Aber T-Online-Redakteur Lars Wienand machte sofort Alarm in Deutschland. „Ein Wahlbeobachter sei ich gewesen bei Putins Scheinreferenden, ein Apologet des Kreml, ein Journalist auf politischen Abwegen.“ (S.223) Für Denunzierungskampagnen ist T-Online indes bekannt. Dieser Journalist Wienand hätte sich, so Baab, durch einfache Recherche bei der zuständigen Zivilkammer der Russischen Föderation in Moskau überzeugen können, dass er dort nicht als Wahlbeobachter geführt wurde.

Aber der Schaden war gemacht. Sollte wohl der Sinn dieser Übung sein. Die Christian-Albrechts-Universität zu Kiel und die Hochschule für Medien und Kommunikation in Berlin kündigten Baabs Lehraufträge.

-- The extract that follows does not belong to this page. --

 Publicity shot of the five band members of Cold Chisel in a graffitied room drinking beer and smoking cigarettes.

Baab: „Es fallen zwei Dinge auf: Zum einen haben die Akteure kaum Kenntnisse über die Ukraine und Russland, die regionale Kultur und die Konfliktgeschichte. Zum anderen handelt es sich um Sitzredakteure, die den Bildschirm mit der Realität verwechseln. Sie verhalten sich wie journalistische Drohnenpiloten, die aus großer Entfernung ein Ziel anvisieren, ohne die Lage vor Ort überhaupt zu kennen. Klickzahlen sind wichtiger als sauberes Handwerk.“ (S.226)

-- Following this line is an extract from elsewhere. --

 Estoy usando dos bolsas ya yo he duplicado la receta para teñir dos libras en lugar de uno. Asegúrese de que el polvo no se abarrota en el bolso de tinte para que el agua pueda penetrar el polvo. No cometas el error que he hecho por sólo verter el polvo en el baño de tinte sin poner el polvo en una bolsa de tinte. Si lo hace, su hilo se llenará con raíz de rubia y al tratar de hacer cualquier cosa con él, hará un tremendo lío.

Wir leben in merkwürdigen Zeiten. In Zeiten der Diffamierung und der Cancel Culture, die mit demokratischer Öffentlichkeit – wie Baab schreibt – nicht zu tun hat.

Baab bringt das so verständlich auf den Punkt: „Niemand wäre auf die Idee gekommen, Peter Scholl-Latour, der 1973 im Vietnamkrieg als Erster auf der Seite des Vietkongs gedreht hat, vorzuwerfen, er verbreite kommunistische Propaganda.“

Patrik Baab hat erfolgreich gegen den Entzug des Lehrauftrags geklagt. Lesen Sie gern dazu den Beitrag von Kollegin Susan Bonath (hier).

Noch im Donbass hatte Baab telefonisch anwaltliche Hilfe erbeten, nachdem er eine Textnachricht von T-Online erhalten hatte. Er stellte gegenüber dem T-Online-Redakteur klar, dass er als Journalist recherchiert hätte. „Offenbar hat er nur pro forma angefragt. Denn mein Dementi interessierte ihn nicht weiter“, so Baab.

Das mit dem Anruf hätte ins Auge gehen können. Denn, benutzt man im Kriegsgebiet ein Smartphones, kann man angepeilt und zum Ziel eines Angriffs werden. In der Tat gab es in der Nähe des Hotels, in welchem Baab und Filbert wohnten, einen Treffer nachdem die Textnachricht von T-Online-Redakteur Lars Wienand erhalten hat. Baab beobachtete, wie eine Artilleriegranate ein Wohnhaus trifft. „800 Meter von mir entfernt kracht ein Teil der Fassade herunter“, berichtet Baab.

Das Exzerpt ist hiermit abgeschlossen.